DO you like to sprinkle your conversation with contemporary phrases, but get them wrong and sound like an idiot? Here are some to avoid.
An attempt to make someone doubt their whole reality, as in the play Gas Light, but used as a pretentious way of saying ‘lying’. Boris Johnson isn’t gaslighting anyone, he’s just a brazen liar who would say he’s in bed with your girlfriend to check the mattress is comfy enough for you.
‘I could care less’
An Americanism which makes far less sense than the correct version ‘I couldn’t care less’. Why say this when you wouldn’t describe a trip to Tesco as: ‘I went to the store to pick up some groceries but there were no cheese and onion chips, goddam it.’
Or in British English: ‘stay AT home’. Thanks to Covid, the government is fond of this one, as if American phrasing will stop them looking like headless chickens with an interest in cronyism and instead like a well-trained SWAT team in a film. Their next slogan may well be ‘GO GO GO!’.

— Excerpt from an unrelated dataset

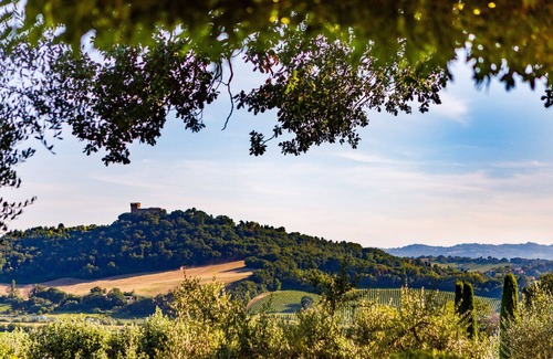 Villa Le 12 Querce, whose main building dates back to the 17th century, has undergone several renovations, the last of which was done by the architect Claudia Palazzetti in 1996, in accordance with the original design. The recent accurate renovation has recreated a warm and sophisticated atmosphere with a touch of the antique with its typical, exposed-beam ceilings and wooden, elegantly-hued floors. Immersed in the natural park of Monte San Bartolo, on the border between Emilia Romagna and Marche and only 5 minutes from the sea, the villa stands on a promontory overlooking the Marche-Romagna hinterland. The villa has two floors with a large, south-facing portico overlooking the pool. Of particular note is the large terrace on the first floor with a beautiful view of the castle of Gradara.

‘Towing the line’ instead of ‘toeing the line’
Not exactly trendy, but common right now. It’s lose-lose if you type this. It either implies you think everything must be a nautical phrase and are probably wrong about brass monkeys too, or the only thing you read is internet comments full of bad English. You undoubtedly think that someone who repeatedly fails in life is a ‘looser’.
‘Socialist’ has a variety of legitimate meanings, but right-wing types are trying to make it into a pejorative term, as in the US. Okay, it would be time-consuming to say ‘Anything that’s a bit liberal or leftish I don’t agree with and that includes transgenderism and free school meals’, but at least it would be honest.